En su permanente decadencia centroeuropea, Trieste es una ciudad tranquila. Lo bastante pequeña como para que haya pervivido la leyenda del pingüino Marco, al que trajo de mascota una expedición del ártico y que vivió años en el acuario, paseando por sus alrededores para delite de los niños. Lo bastante abarcable como para que cada café tenga su estilo y cada restaurante su historia. De muchos de ellos apenas se atisba. En el Sándwich Club del puerto no ofrecen bocadillos, sino delicias caseras y vino baratísimo para que pandillas de cargadores entrados en años pasen aquí el día en una especie de macarra club del jubilado. En Da Mara la señora Mara, su hija y su nieto atienden un puñado de mesas contando, desde hace décadas, los cotilleos de la ciudad y la gente viene a compartirlos como si fuera el mentidero local. Y sobre todos ellos está el fabuloso y mágico buffet Da Pepi.

Una vez que pasé por Trieste camino de un asentamiento de refugiados sirios en la frontera bosnia nos tocó pasar por Trieste en plena navidad. Todo estaba cerrado o lleno y por casualidad entramos en Pepi y desde entonces para mí ese lugar es la ciudad entera.

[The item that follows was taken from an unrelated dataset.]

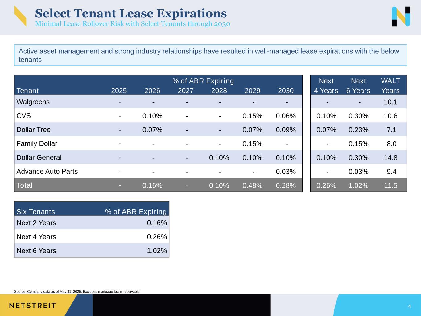 Investment Highlights & Business Update 3 Source: Company data and balance sheet as of March 31, 2025, unless otherwise noted. Figures represent percentage of ABR unless otherwise noted. Due to rounding, respective percentage of credit rating may not precisely reflect the absolute figures. 1. Represents tenants with investment grade credit metrics (more than $1.0 billion in annual sales and a debt to adjusted EBITDA ratio of less than 2.0x), but do not carry a published rating from S&P, Fitch, Moody's, or NAIC. 2. See slides 4, 5, or 14 for further details. 3. Reflects 10,735,647 of unsettled forward equity shares at the March 31, 2025, weighted average net settlement price of $17.18 per share, and an additional $39.5 million of net proceeds ($29.8 million on a forward basis) via ATM sales in 2Q’25 as of June 16, 2025. 4bps Annualized Rent Loss from Credit Events2 99.9% Occupancy 3.8x Unit-Level Rent Coverage2 $624 million Total Liquidity3 4.5x Adj. Net Debt3 / Annualized Adj. EBITDAre ✓Focused on growing portfolio with high quality tenants that offer strong credit profiles and provide consistent performance through various economic cycles ✓Proven track record of full occupancy and strong unit-level coverage; NTST’s lone vacancy has received strong interest from multiple retailers at or above current rent ✓Long weighted average lease term and de minimis intermediate-term lease expirations within the pharmacy and dollar store industries ✓Low leverage with no immediate-term debt maturities ✓$184.5 million of unsettled forward equity at 1Q’25-end ✓Strong liquidity to provide ample runway for 2025 investments ✓$39.5 million of net proceeds generated via ATM sales quarter-to-date in 2Q’25 High Credit Quality & Resilient Net Lease Portfolio Well Capitalized Balance Sheet 71% Investment Grade (IG) and Investment Grade Profile (IGP)1 7.0% Wtd. Avg. Cash Yield Since 3Q’20 ✓Strong investment pace since 2020 with a solid pipeline of investment opportunities at attractive cash yields ✓$90.7 million of gross investments completed in 1Q’25 Proven Ability to Source Attractive Investment Opportunities 2028 First Term Loan Maturity $104 million Avg. Net Investments Per Quarter Since 3Q’20 27% Adj. Net Debt3 / Undepreciated Gross Assets $46 million YTD Net Investments 7.7% YTD Cash Yield 9.7 Years Weighted Average Lease Term (WALT) 26bps Pharmacy & Dollar Store ABR2 Expiring Thru YE’28

Cuando estoy allí iría cada día y casi lo hago. Es un antro antiguo y diminuto de comida, forrado de madera amarillenta que parece sacado de cualquier pueblo de la provincia austriaca o húngara. Solo sirven carne hervida o pasada por el horno. Deliciosa carne de cerdo hervida. Hay panceta, lomo, lengua, jamón, salchichas,… todo cortado en lonchas y guardado en bandejas humeantes de vapor. Nada más. Y de guarnición mostaza y chucrut… y ralladura de rábano picante. Constantemente salen bandejas de esa mezcla olorosa. El sitio es estrecho y aunque ya no lo llevan los descendientes del famoso Pepi Klainsic, que en el siglo diecinueve decidió establecerse en la ciudad, ni de su sucesor Pepi Tomasic, muerto en un bonbardeo nazi sobre el local, el ambiente no ha cambiado. Entra una señora envuelta en pieles a la que todos saludan y al verla sentada parece que uno está en una escena de la Grande belleza, con toda la decadencia antigua de la ciudad a cuestas.

Hasta 1954 Trieste no se incorporó a Italia, después de unos años de control internacional tras la guerra mundial en los que aún no se tenía claro a qué país había de anexionarse. Todavía hoy hay quien duda de que pasara. Hace unos años, haciendo una encuesta, descubrieron que más del sesenta por ciento de los italianos no sabían que Trieste perteneciera a Italia. Cuando en 2004 la corona de Miss Trieste recayó sobre una muchacha de la minoría eslovena, natural de las afueras de la ciudad, hubo quien acudió raudo al reglamento para negarle el derecho a representar al territorio en el certamen de Miss Italia. Quizás sea cierto lo que dice Paolo Rumiz de que Italia acaba en Mestre y a partir de ahí las vías del tren entran en los Balcanes… no deja de ser una boutade, viendo el amor de los triestinos por el café ceremonioso, su afición al prosecco que se elabora en las alturas de la ciudad y su misma forma de vestir. En verdad no sé qué es Italia, ni qué es Centroeuropa y a duras penas entiendo qué son los Balcanes. Trieste es, sin duda, la esquina donde todo eso se une.